対峙 2

対峙 2


『奴に会いに行くらしいな』

「ええ、ひとまず完全に牽制を。今までは龍珠さんが睨みを効かせてくれたおかげで裏のルートは封じていました。今日は例の映画の公開日。社会的にカミキヒカルの抹殺が本来なら始まる日です」

電話の件を龍珠さんに連絡し、準備する。

特殊警棒、小型ボディカメラ、隠しイヤホン、盗聴器、スタンガン、GPS発信機etc…

風祭さん、龍珠さんの双方からいただいたものだ。職質食うと一発でアウトになりそうだが、小島先生にも話を通さないと。

『…だが、奴は恐らく乗り切る手札があるか、何かしらの手を打って出るだろうな。

そっちの電話盗聴していたが余裕綽々、という奴だ。

あと事務所を監視している衆が言うには対象はまだ中に居る。向かうなら早く向かって出迎えろ。既に店には組の奴らに行かせてる。気に食わんが、小島にも話は入れろ。最悪あいつが何かおまえに起きた時の証人になる』

警視総監の息子様だからな、と龍珠さんは笑う。立場的にとても仲が悪い。今回の協力も互いの共通の友人・知人が仲介を果たしてくれたおかげで成り立っている。

僕としてもその代償故か

協力条件として支給された通信インカム、外部連絡用携帯電話と僕の持ち物にはGPS、盗聴機が仕込まれている。安全確保…という建前だが此方が協力をお願いしている手前、先方を裏切ら無いための保険だそうだ。実際カミキの手のモノには一部暴力団が絡んでおり、それが龍珠さん側には不都合という点からの協力なので飲むしかない。

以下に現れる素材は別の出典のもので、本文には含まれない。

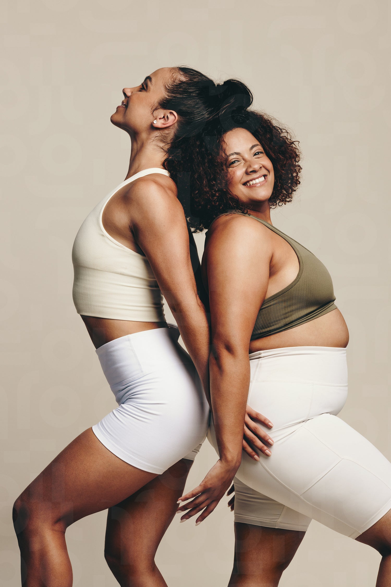 Diverse fitness models pose for the camera in a studio, wearing workout attire. Standing back to back, these two female athletes show their toned bodies, result of their commitment to fitness.
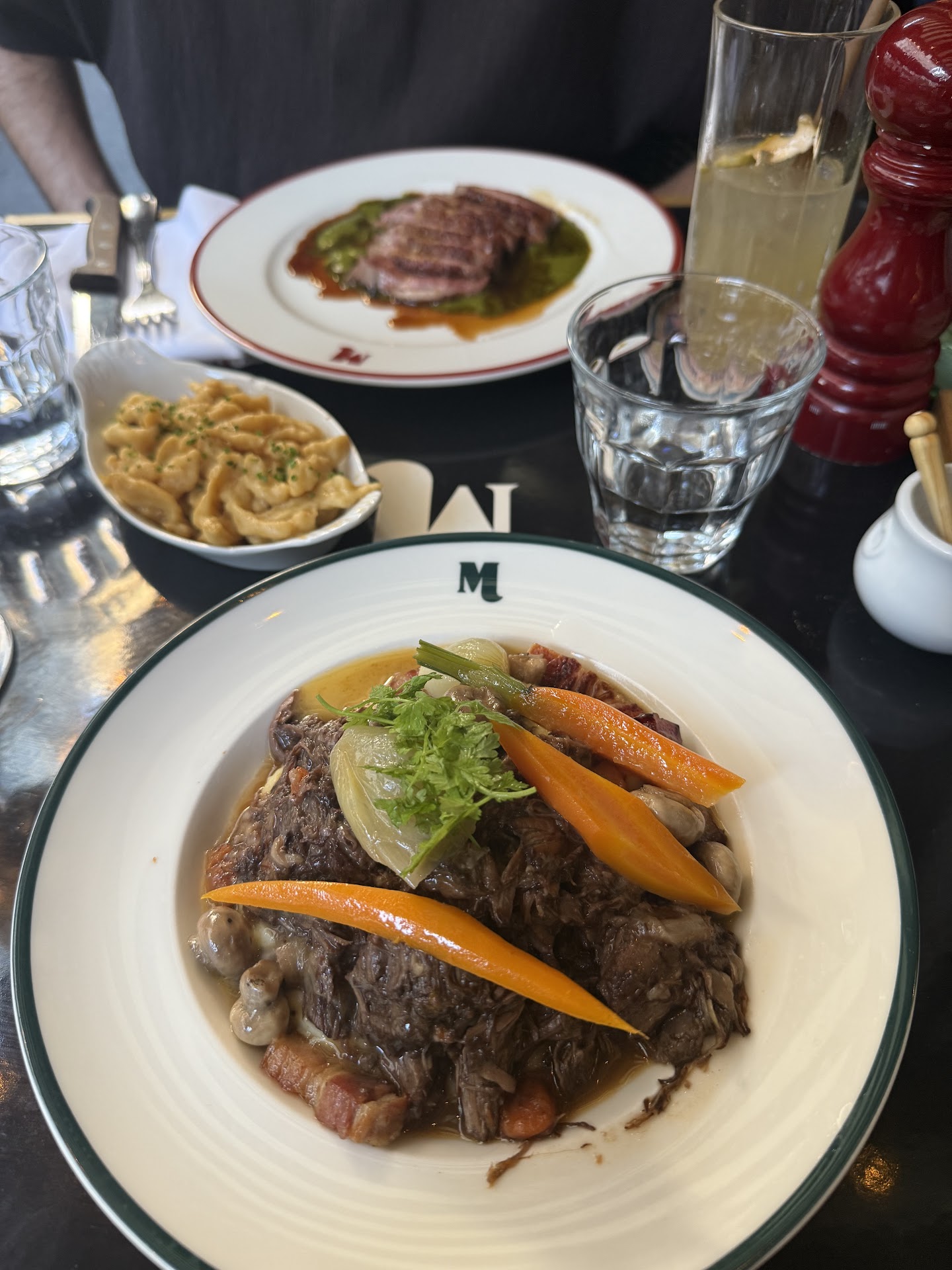 Read moreLovely terrace, very nice menu - took the saucisse/ puree and vegetarian special for lunch today. Everything was delicious. Unfortunately, the service was terrible. The wine did not come in time for our first course, and we had to ask a busser for it for it to arrive at all. Our main course took quite some time- understandable - it was busy at the time. We did eventually ask for it- and it arrived. As I said- very good. We were there quite a while. The service was ending, and we sat with dirty plates for long time while people cleaned the tables next to us. No one asked us for our dessert order. The server walked back and forth without acknowledging us. Finally, we told one of the people wearing a white t-shirt- very kind and warm young man- that we would order the cheese for dessert. I watched as this gentleman told our waitress who stood not five feet away. The cheese didn't come. Meanwhile, the terrace is almost empty. The cheese isn't coming. After 15 minutes, I finally manage to hail the waitress and said, "on avait commande du fromage." And she said, "Oui. Oui, C'arrive toute suite." And yet ... it didn't. She continued to seat an occasional table, take orders- and we waited. Finally, I got up to use the restroom and my husband asked for the check without the cheese. Again, we waited. Finally, we stood up to leave and the check appeared. This experience was disappointing to say the least. It's really too bad too- it seems like a great restaurant. After this treatment, however, I would not eat there again and I can't...
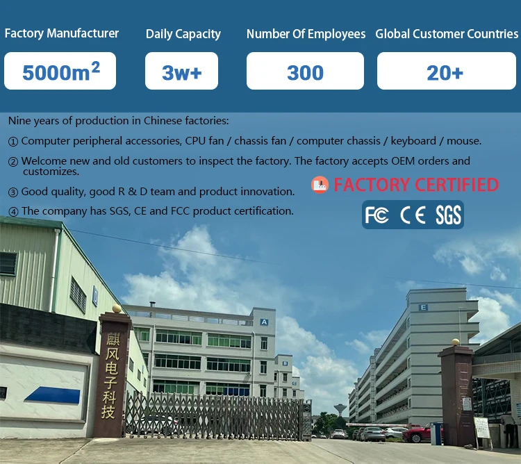 Dongguan Qifeng Electronic Technology Co., Ltd is a leading manufacturer and integrator of computer accessories. We are specialized in the design, research, development, production and sales of computer RGB fans, CPU cooler fans, computer case, keyboard and computer power supply. We have our owns SRHX brand which was founded in 2018 and located in Guangdong. Our products are also designed based the strict standard of the industry.
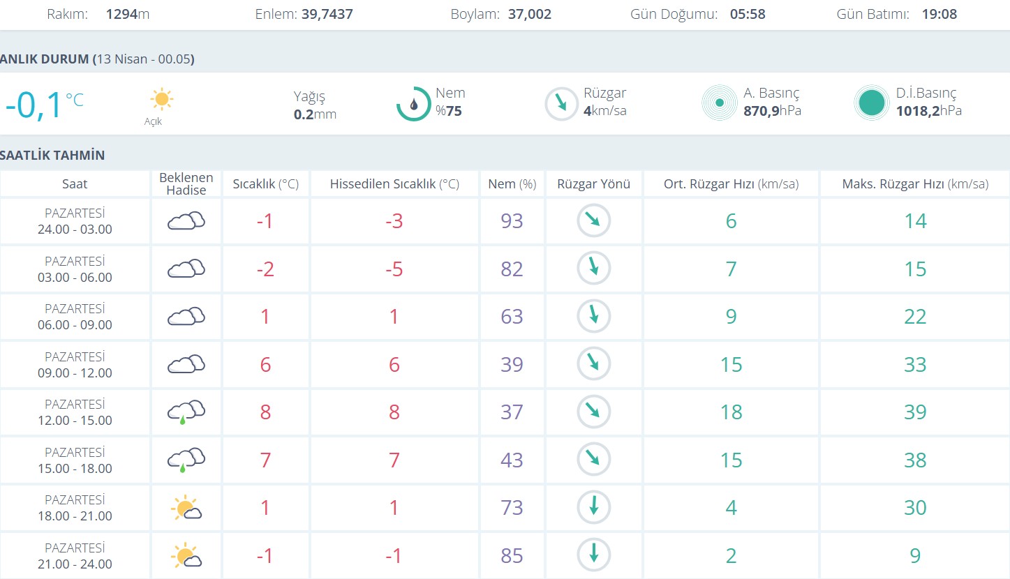 Meteorolojik verilere göre sabah saatlerinde sıcaklık -2 dereceye kadar düşerken, hissedilen sıcaklık ise yer yer -5 dereceyi buluyor. Gece ve sabah erken saatlerde yüksek nem oranı ve düşük sıcaklık nedeniyle buzlanma ve don olaylarına karşı dikkatli olunması gerekiyor.
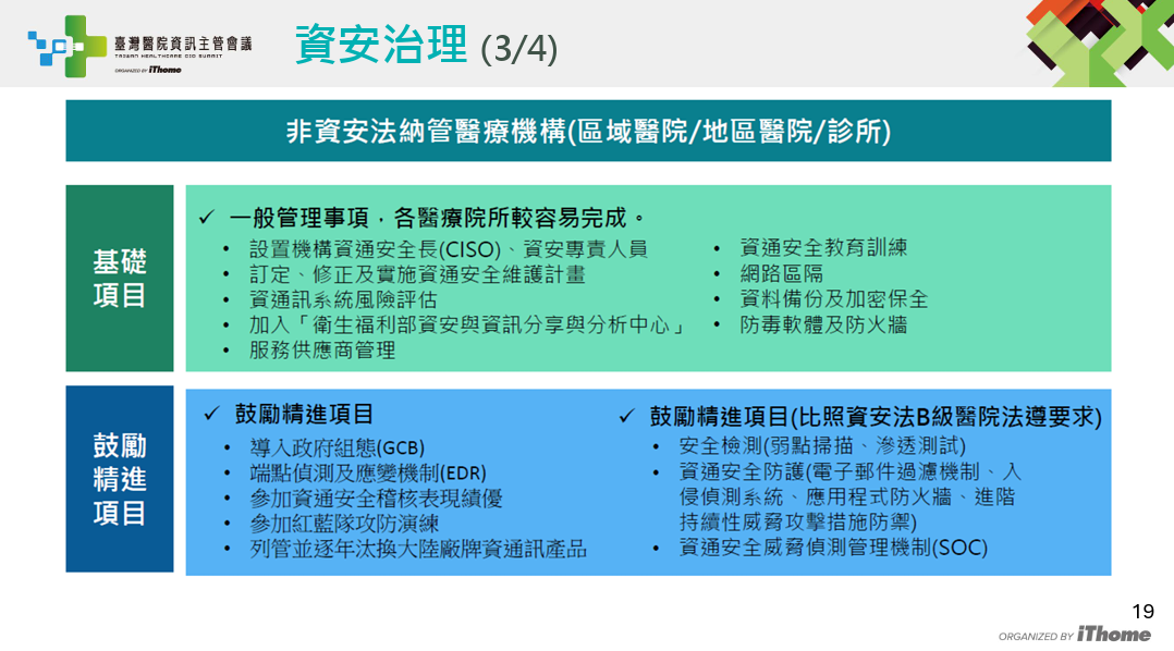 資安治理則依《資安法》規範,針對不同等級醫院設定「基礎項目」和「鼓勵精進項目」,要求醫院申請補助計畫時,需通過特定項目,來提升整體資安防護能力。
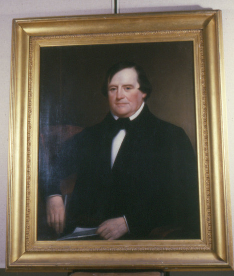 Oil on canvas portrait of Seth Preston Beers (1781-1863), Rectangular 1/2 length portrait of a portly middle aged man, seated, facing left. Black hair and hazel eyes, dressed in black suit, white shirt and collar, black bow tie. His right arm rests on a table holding a pamphlet and in his right hand a quill pen.
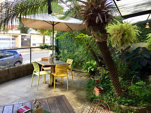 Gosto de sentar sozinha, ouvir o jazz baixinho da playlist que sempre toca e observar os passarinhos entre as muitas plantas. Amo toda a equipe, o sax antigo na parede, o melhor brownie da cidade e, com certeza, a empada de palmito.
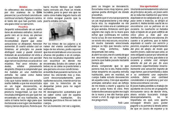 Ahora comprendo que lo que parecía real, no lo era. Había creído estar despierto en aquella extraña habitación, pero en realidad, mi cuerpo había estado desvanecido en aquella cama. Creo que aquellos animales extraños eran un reflejo de mi miedo a morir y aquella luz que ví quizá fuera el cielo. Pero todavía desconozco quién me cogió de la mano y me dio fuerzas para volver a vivir. Es algo que siempre me preguntaré.
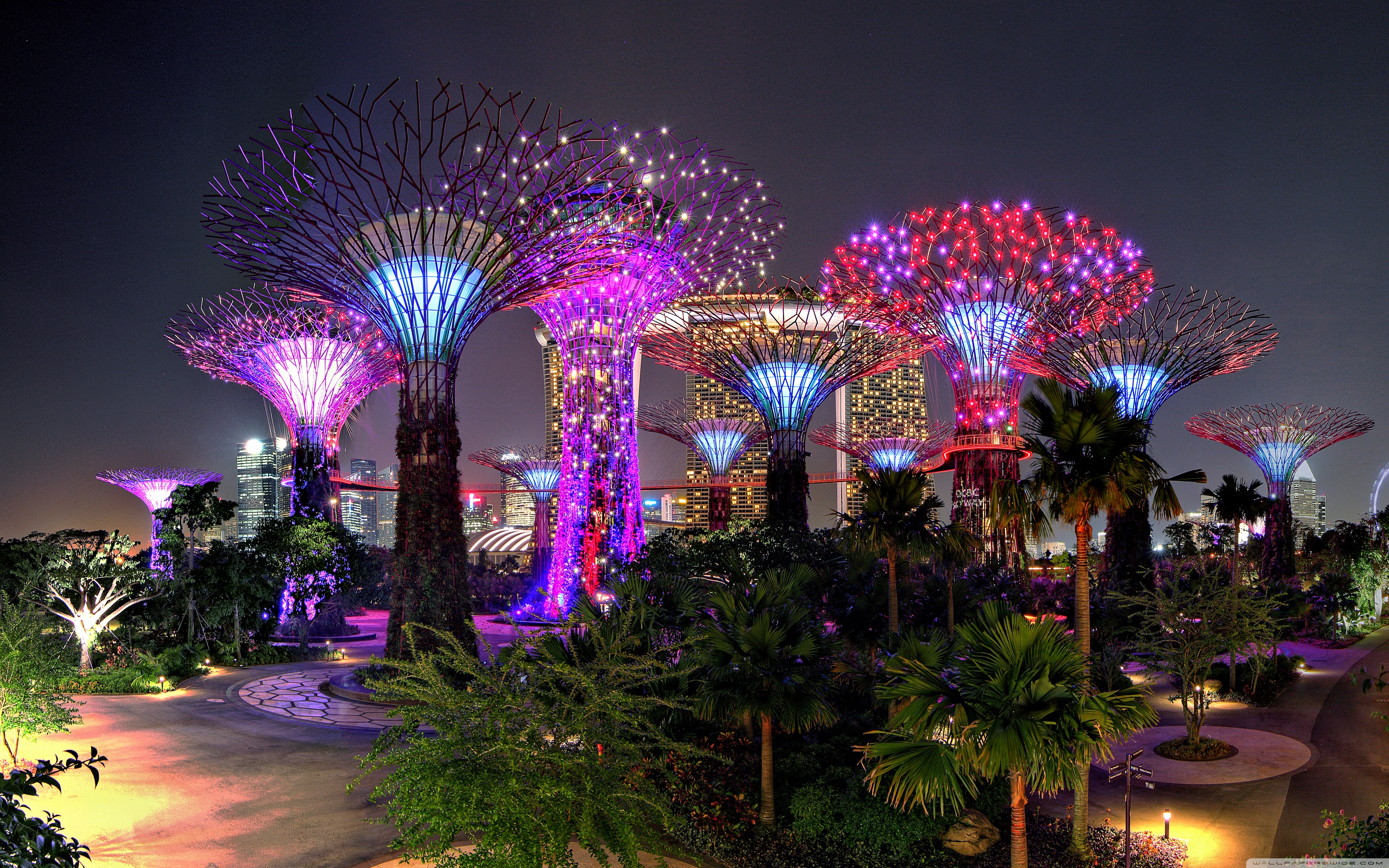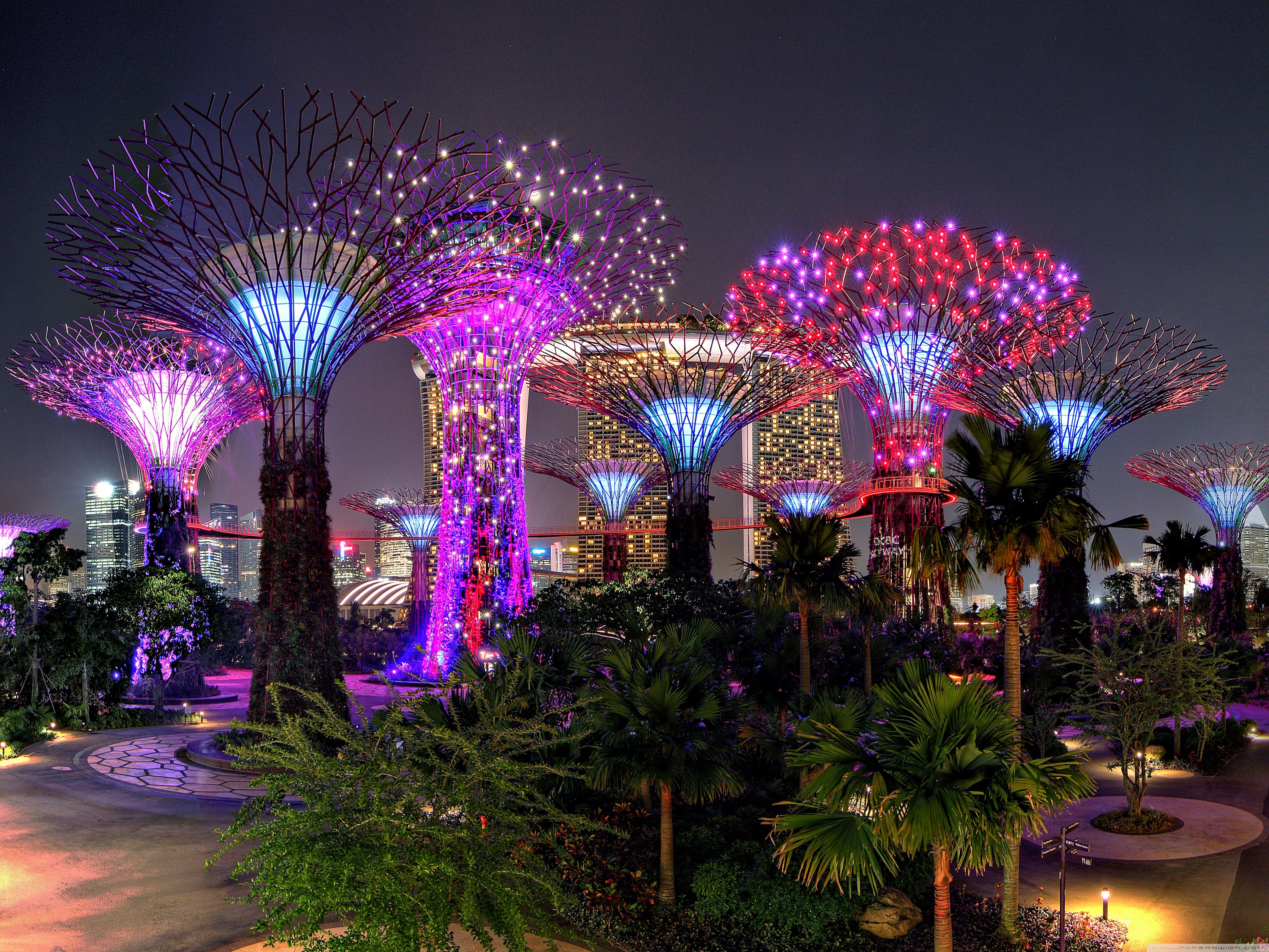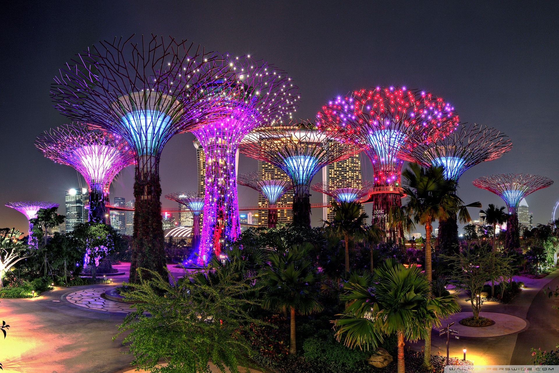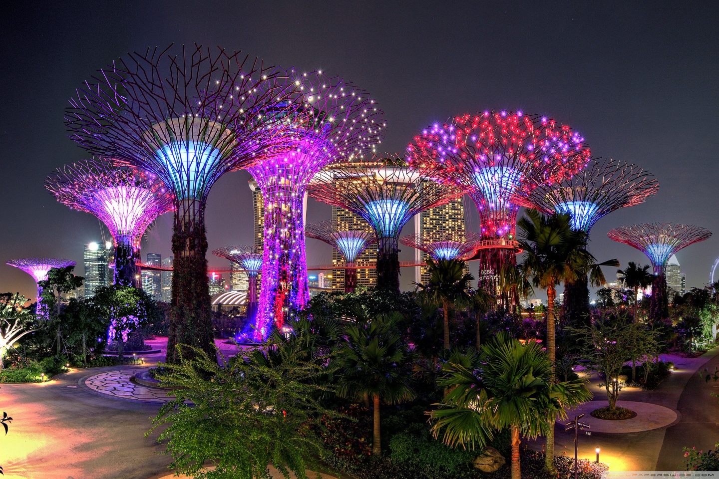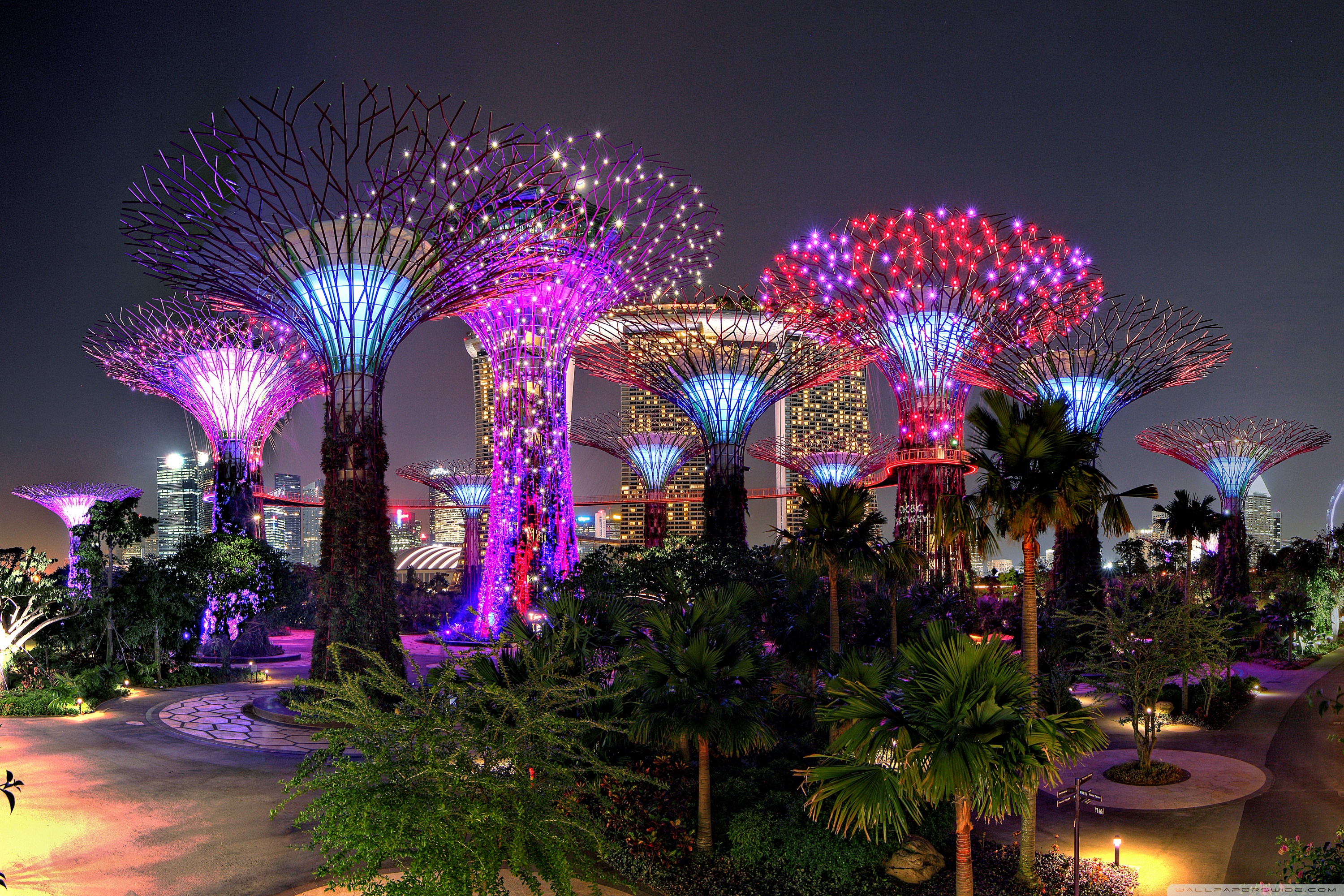 Download Supertree Grove Evening Light Show, Gardens... 4K UHD Wallpaper
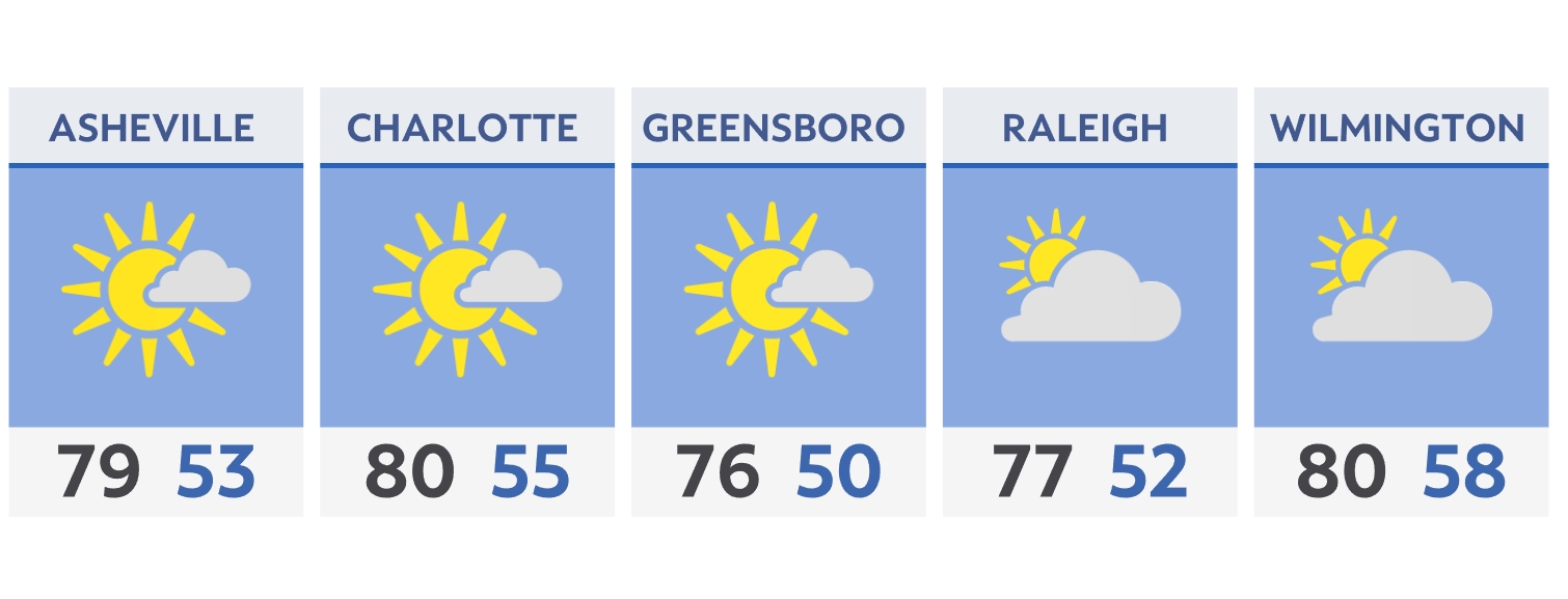 We will probably start Wednesday with some clouds, but they should quickly erode, leading to afternoon sunshine. A stretch of quiet, classic Carolina fall weather will then unfold for the rest of the week.
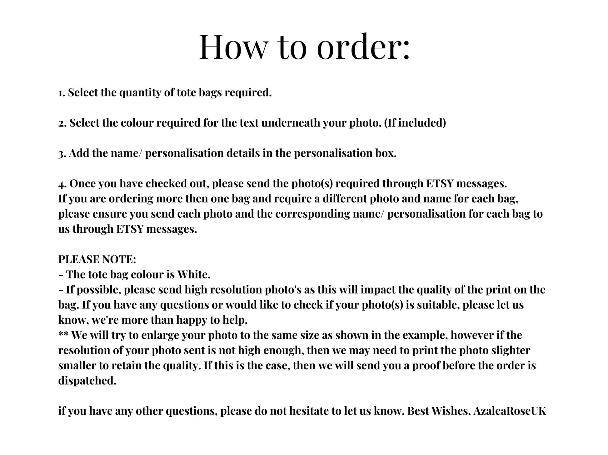 - If possible, please send high resolution photo's as this will impact the quality of the print on the bag. If you have any questions or would like to check if your photo(s) is suitable, please let us know, we're more than happy to help.
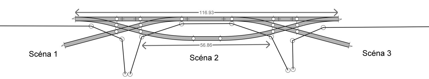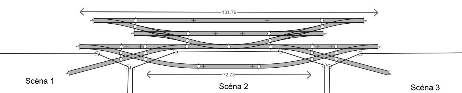 Scéna 1 a 3, klasicky dle MSFJF systému. Scéna 2 umožňuje přidat průjezdní stanici / přejezd / cokoliv.

「ええ、念のため風祭さんにも連絡入れました。兄達とは打ち合わせ済ですが、家族と友人そちらの警護もお願いします」

『約束だからな。当然守るさ。顔馴染み達との面子もかかってるし…まあ気をつけろ。恐らくおまえの苦手な腹芸と挑発のオンパレードだ、手は絶対出すな。おまえが手を出したら全員が終わる。』

「ーーええ、承知しています。準備出来ました。向かいます。」

『まあ私は秀知院の仲間達守ってとんずらだがな。小島は知らんけど

さて、車のNo.は××ー○****だ。待機させている。乗って行け』

素晴らしいな。あと監視もされてるぞココ(フリルの部屋)

「分かりました」

電話を切り、後ろを振り返る。

あの会見後1日の大半をこの部屋で過ごしてきた。唇を重ねることから互いに身体を触れ合い、身体まで重ねてしまった。

色々と濃い日常を歩んできた部屋だ。

「行ってきます…」

戻って来るつもりだが、覚悟を決めて部屋を出て、近くにあった車に乗り込み約束の場所へ向かう。

所要時間は僅か15分少し。

長く感じる15分だった。

ーーーーーーーー

約束のスターバックスに入り、確認する。写真で見た男、カミキヒカル当人がまだ来ていないのは幸いだ。

『着いたな?窓際の席に座れ。おまえの位置は下座にもなる位置だ。奴を狙撃しやすく、おまえは撃たれにくい。おまえの付近に若い衆を置いている。緊張してるか?』

確かに緊張している。お姉ちゃんと兄さんの前世の雨宮医師を殺害させた黒幕だ。どうしても身構える。

『私の部下がいる。落ち着き、安心しろ。必ず守り抜いてやるし、その時は奴を仕留めてやる。』

「…仕留めたらダメでは?」

『おっと、そうだったか?物騒なことばかり考えているからかもな

…多少力抜けたか?』

「ええ。ありがとうございます」

『ならよかったがーー来たぞ。此方からの通信はしないが、きちんと聞いている。警護は任せておけ』

「はい。……こちらです、カミキさん」

インカムから龍珠さんが通信が切れる。

龍珠さんが言ったようにドアから男が入って来た。

「おや、約束の時間よりもかなり早いですね。1時間以上早く来るとは。女性とのデートで喜ばれるタイプですよ斎藤硝太くん」

白のファー付きジャンパー、括った髪の毛、アクア兄さんに似た顔つき。

…写真通りだ。

にこやかな笑みを浮かべながら全ての元凶は入って来た。